I nodded in silence as we walked northbound following Pyut's lead. The stadium was already passing on our left side, lights shimmering from inside. Although the powerplant had been destroyed, there was still enough power in the city's battery plants underground to sustain light for another month. That was Boston City's promise to the people, that there'd be no power-outs forever. I guessed they were true. Forever can only be counted and agreed by people. Now that the power of the city outlived the people of Boston, the statement can only be true.
A part of the ringed stadium has been crumbled by something, maybe a large meteor or something. But no meteor hit this part of the world, or any other parts for that matter. What could've done something like that? From the crumbled side I could see pass the football field inside. There was a fire burning, and the fuel of it were.... bodies. Human bodies.
"It took them a while to realise what was going on in the city. The surviving ones had to burn the deads to contain the infection from getting to them," Pyut explained as we all turned our heads to witness the scene. Night Cat was of no exception.

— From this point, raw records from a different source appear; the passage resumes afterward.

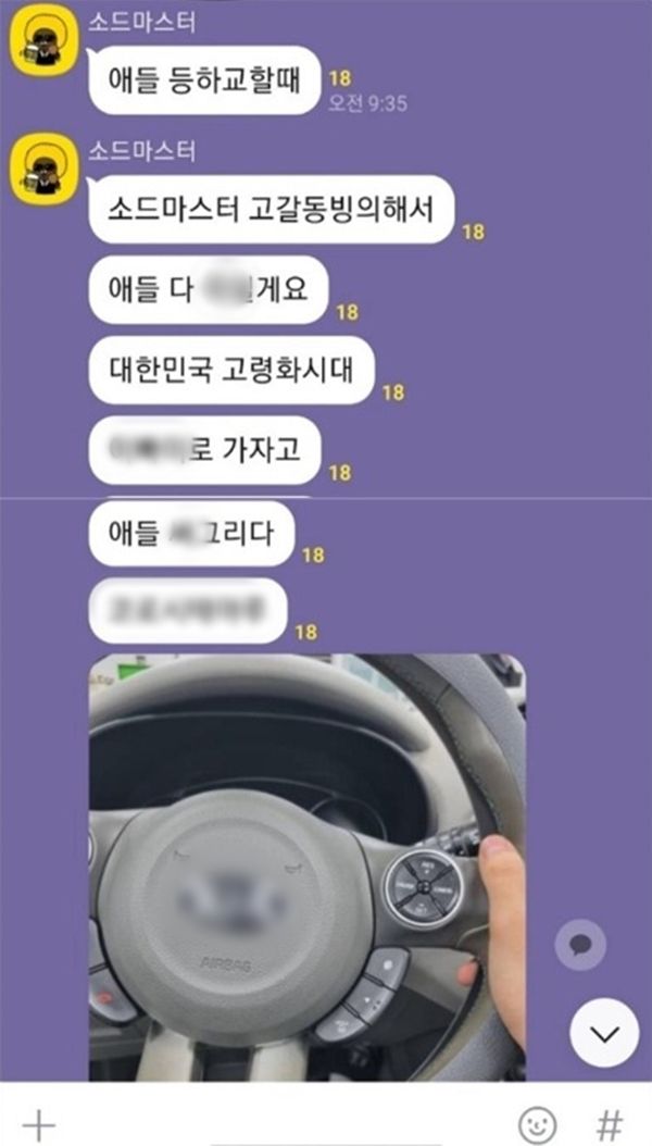 사건 당시 그는 단체 채팅방에 "XX초등학교 좌표 따서 아이들을 다 XX겠다"는 내용과 함께 차량 핸들을 손으로 잡고 있는 사진도 함께 올린 것으로 파악됐다.
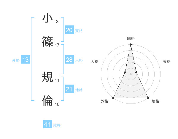 小篠 規倫さんの総格は41画の5点!
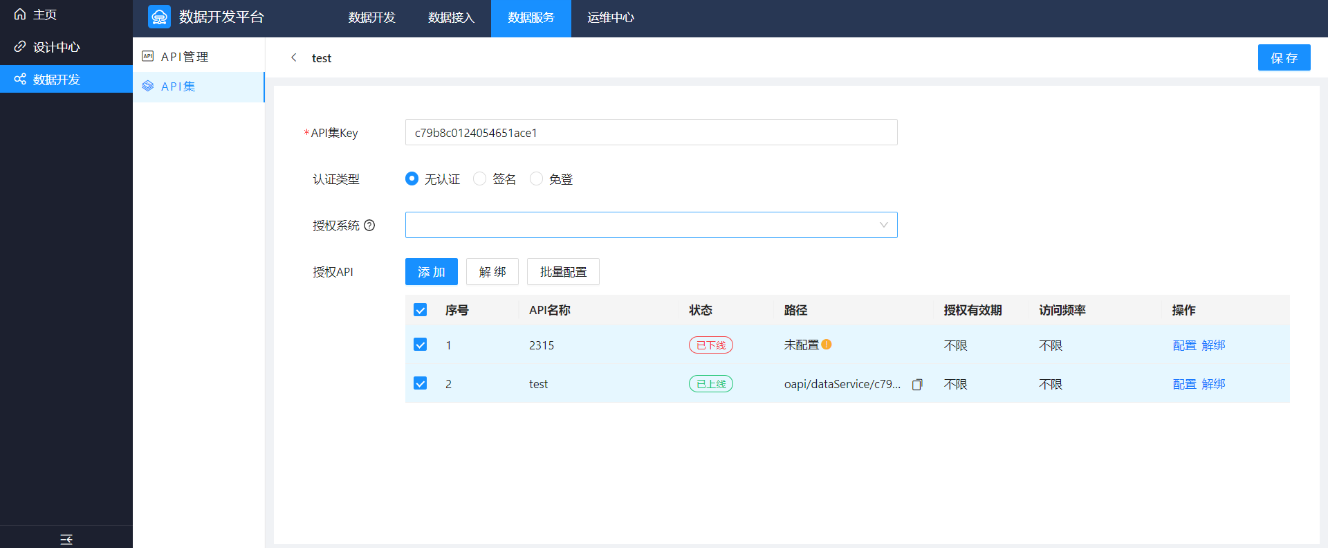 点击「数据服务>API集」,可进行API集的管理。如下图所示:

"So what made him enlist into the Ghost Team?" I asked, still having my head directed at the burn site.
"His mom, sister and his little brother died. His sister was on her way to migrate to England with her new husband along with the mother and the little brother, when their plane was shot down."
"What? Shot down?"
A nod confirmed what I had already heard clearly from Crucist.
"He came into the force to seek revenge. So did his brother."
"And now they're still doing it?"
"Well, you could say that I kinda sorted them out a while back. That's when I heard their story."
We were already way ahead of the stadium now, with much less monsters to shoot at. There were alot of slower human-like ones, but Pyut urged us not to bother with those. It consumes too much ammo, and the heavy blood stench would lure the others to our position.